だが、主人格はそちらに首を動かしもしないまま、同じ方向を見続けている。
「おはよう、私の救世主。今日も、空は青くて小鳥の声が聞こえるよ……なんて、聞こえてないよね」
(母さん?)
入って来たのは僕を引き取って育ててくれた義理の母親であり、現学園長の無涅 彼岸だった。
『ころしてください』
「あっ、何だかいつもより声が高い気がするね。もしかして、何かいいことでもあったかな?」
(……!?)
彼女は手慣れたように僕の世話を始めた。
『ころしてください』や『たすけてください』しか言わない僕を前にしても嫌な顔一つせずこなしていく。

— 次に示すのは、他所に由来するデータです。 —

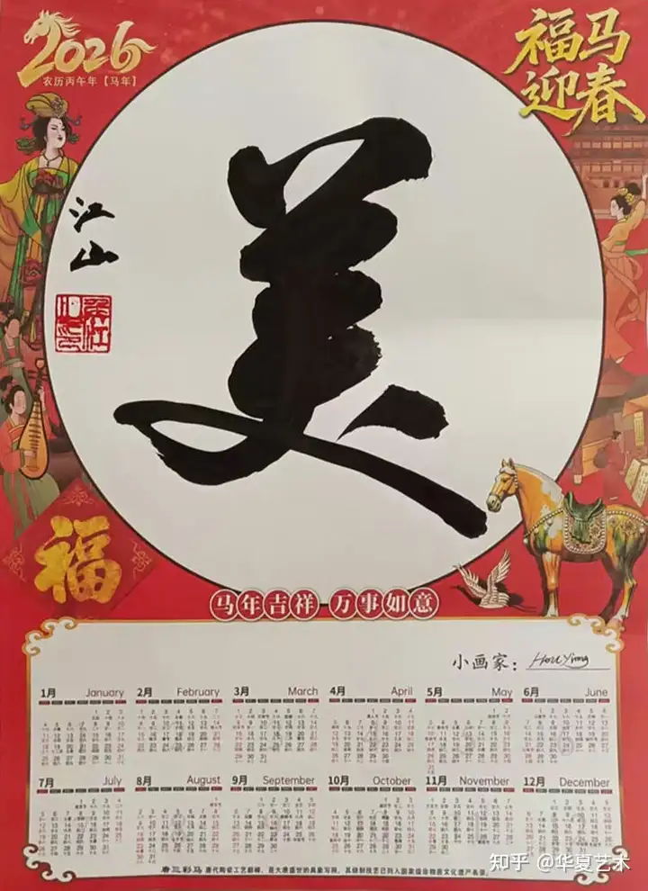 左侧题款“江山”二字与朱砂印章,与主字形成呼应,使整体构图疏密得当,虚实相生。背景的“福马迎春”主题元素、唐韵仕女与奔马,与书法的笔意浑然一体,奔马的昂扬姿态与“美”字的开张笔势相互映照,既烘托了新春吉庆的氛围,也暗合了“龙马精神”的蓬勃气象,章法布局浑然天成。
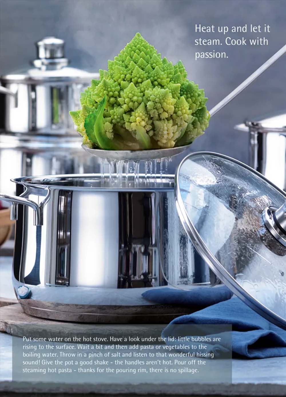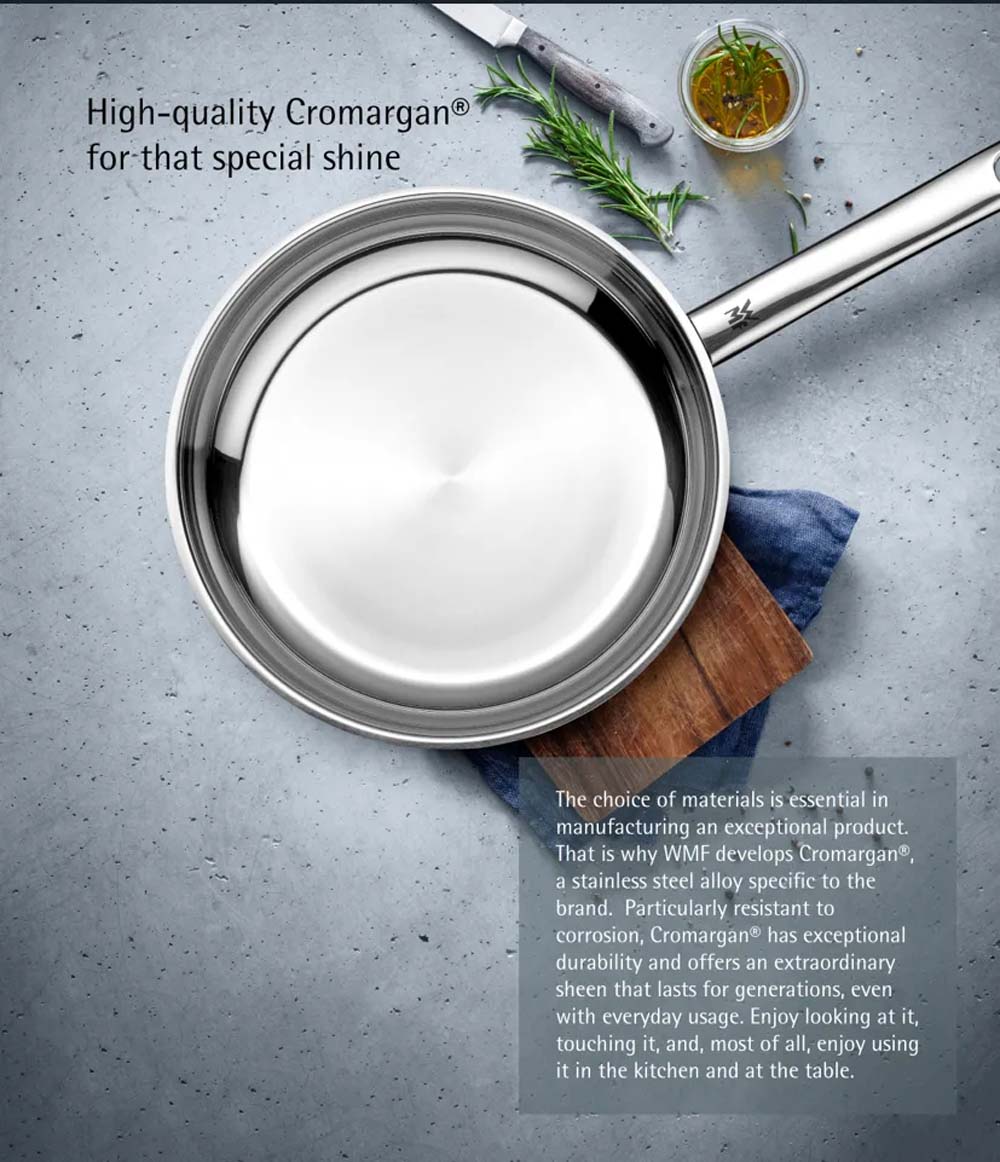 - Chất Liệu Thép Cromargan 18/10: Bộ nồi được làm từ thép Cromargan 18/10 đúc nguyên khối, mang lại sự sang trọng, bền bỉ và sáng bóng cho sản phẩm.
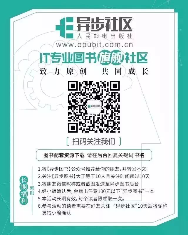 在“异步图书”后台回复“关注”,即可免费获得2000门在线视频课程;推荐朋友关注根据提示获取赠书链接,免费得异步图书一本。赶紧来参加哦!

「よしっ、それじゃあ少し外に出ようか。今日は、大事な日だしね」
そう言って、彼女は慣れた手つきで僕を車いすに乗せてどこかに連れて行く。
この景色は覚えている、僕の家の周りだ。
そして、優しい風が吹く丘の上にたどり着いた。
「今年から本当なら中学生になったのにね」
『たすけてください』
「ごめんね。通わせてはあげられないの……いつか、いつか救世主が元に戻ったら私の学校に通わせてあげるから」
それはそうだ、こんな状態になった人間を通わせられる学校なんてあるはずもない。
それどころか一日でも介護されなければすぐに死んでしまう。
「大丈夫、大丈夫だよ。いつか、きっと私が……」
『ああ、あぁぁいあぃあえうぇぁあ!!』
彼女が僕の頬に触れたその瞬間だった。
子供の癇癪のような叫びが辺りを木霊する。
『ごめんなさい。ごめんなさい。なみ、ごめん。ごめんなさい。わるいこでごめんなさい。かみさま。ゆるして、ころして……!!』
『槃!……大丈夫。大丈夫だから、きっといつか……メサイアさえ完成すればよくなるから』
(母さん……)
その時の母親の瞳は少しの絶望を感じさせたが、ずっと空っぽなこいつを抱きしめ続けていた。
主人格は神に助けを願っていた。
だが、第1話の物語の始まりは『神は死んだ』である。